Administration Guide › CA IdentityMinder Mobile App › How to Configure CA IdentityMinder to Support the Mobile App › Configure Required Attributes

Configure Required Attributes

The CA IdentityMinder user store must include the following well-known attributes to enable user registration and access through the mobile app:

• %ACTCODE%—Identifies the attribute that stores a randomly generated activation number. After the user is registered, this attribute contains the word Registered.
• %ACTCODEVAL%—Identifies the attribute that stores the activation code that the client sets during registration time. CA IdentityMinder compares this value with the value of %ACTCODE%.
• %PWRESETCODE% —Identifies the attribute that stores an encrypted code, which provides single-factor authentication during a password reset

You map these well-known attributes to available user store attributes in the directory configuration file (directory.xml). If there are no available attributes, extend the user store schema. For more information about extending the schema, see the documentation for your user store.

Include the following data classifications in the attribute descriptions:

<DataClassification name="sensitive"/>

Replaces the reset code value with wildcard characters in task screens, audit records, and system logs.
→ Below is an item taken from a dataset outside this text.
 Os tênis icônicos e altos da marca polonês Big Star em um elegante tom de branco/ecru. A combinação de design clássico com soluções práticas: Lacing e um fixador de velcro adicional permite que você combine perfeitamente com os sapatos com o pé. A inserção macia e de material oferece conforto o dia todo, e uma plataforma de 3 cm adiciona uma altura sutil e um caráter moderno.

Important! Do not include the sensitive data classification in the %ACTCODE% attribute definition. If you include the sensitive attribute, the mobile app does not work correctly.

<DataClassification name=" AttributeLevelEncrypt "/>

Encrypts and decrypts the reset code value as it is written and read from the user store using the defined encryption key.
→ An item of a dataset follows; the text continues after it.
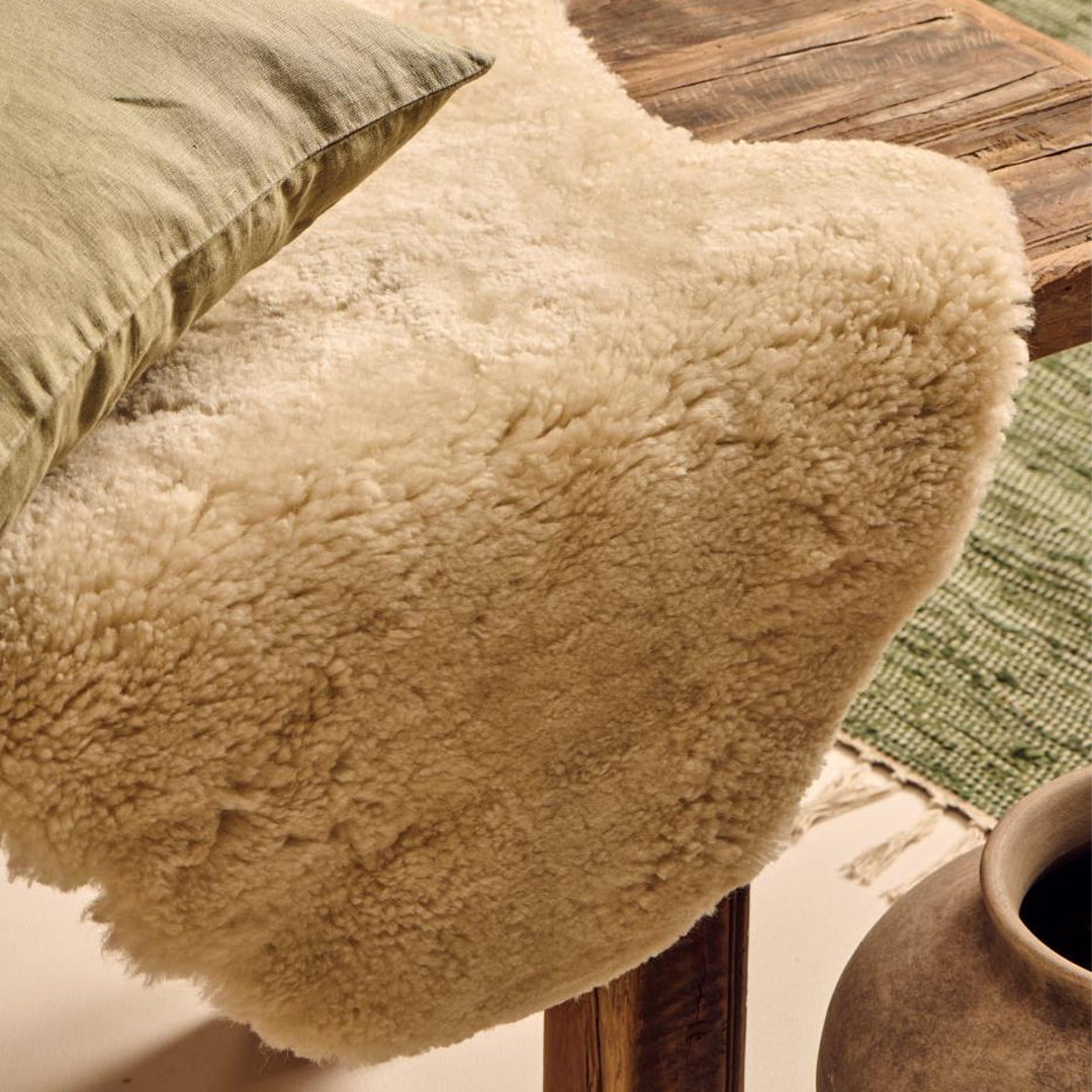 Sherpa lammeskind fra Ib Laursen i en lys og blød butter cream nuance. Lammeskindet har en tæt og fyldig overflade, der gør det særligt behageligt at sidde på og rart at bruge i hverdagen. Ideelt som lammeskind i sofaen, lænestolen eller soveværelset, hvor det tilfører varme, komfort og et roligt udtryk. Hvert skind er unikt i form, struktur og pelslængde.

<DataClassification name=" ignore_on_copy "/>

Causes CA IdentityMinder to ignore an attribute when an administrator creates a copy of an object in the User Console.

Follow these steps:

1. Log in to the Management Console.
2. Select Directories, then click the directory that contains mobile users.
3. Export the directory.
4. Add or modify an attribute description to include the %ACTCODE% well-known attribute.

   You can map any available attribute to the %ACTCODE% well-known.

   <ImsManagedObjectAttr
   physicalname="attr1"
   displayname="ActivationCode"
   description="Activiation Code"
   valuetype="String"
   required="false"
   multivalued="false"
   wellknown="%ACTCODE%"
   maxlength="0" 
   hidden="true"
   system="true">
   

   <DataClassification name="ignore_on_copy"/>  
   <DataClassification name=" AttributeLevelEncrypt"/>   
   </ImsManagedObjectAttr>
   

5. Repeat step 4 to define the %ACTCODEVAL% well-known attribute. Include the following data classifications:

   <DataClassification name="sensitive"/>
   <DataClassification name="ignore_on_copy"/>  
   <DataClassification name=" AttributeLevelEncrypt"/>   
   

6. Add an attribute description for the %PWRESETCODE% well-known attribute. Include the following data classifications:

   <DataClassification name="sensitive"/>
   <DataClassification name="ignore_on_copy"/>  
   <DataClassification name=" AttributeLevelEncrypt"/> 
   

   The attribute definition resembles the following example:

   <ImsManagedObjectAttr
   physicalname="XXXX"
   description="Password Reset Code"
   displayname="Password Reset Code"
   valuetype="String"
   wellknown="%PWRESETCODE%"
   maxlength="0"
   hidden="true"
   system="true">
   

   <DataClassification name="ignore_on_copy"/>
   <DataClassification name="sensitive"/>   
   <DataClassification name=" AttributeLevelEncrypt"/>   
   

   </ImsManagedObjectAttr>
   

7. Save the directory.xml file.
8. Load the saved directory.xml file by clicking Update in the Directory Properties page in the Management Console.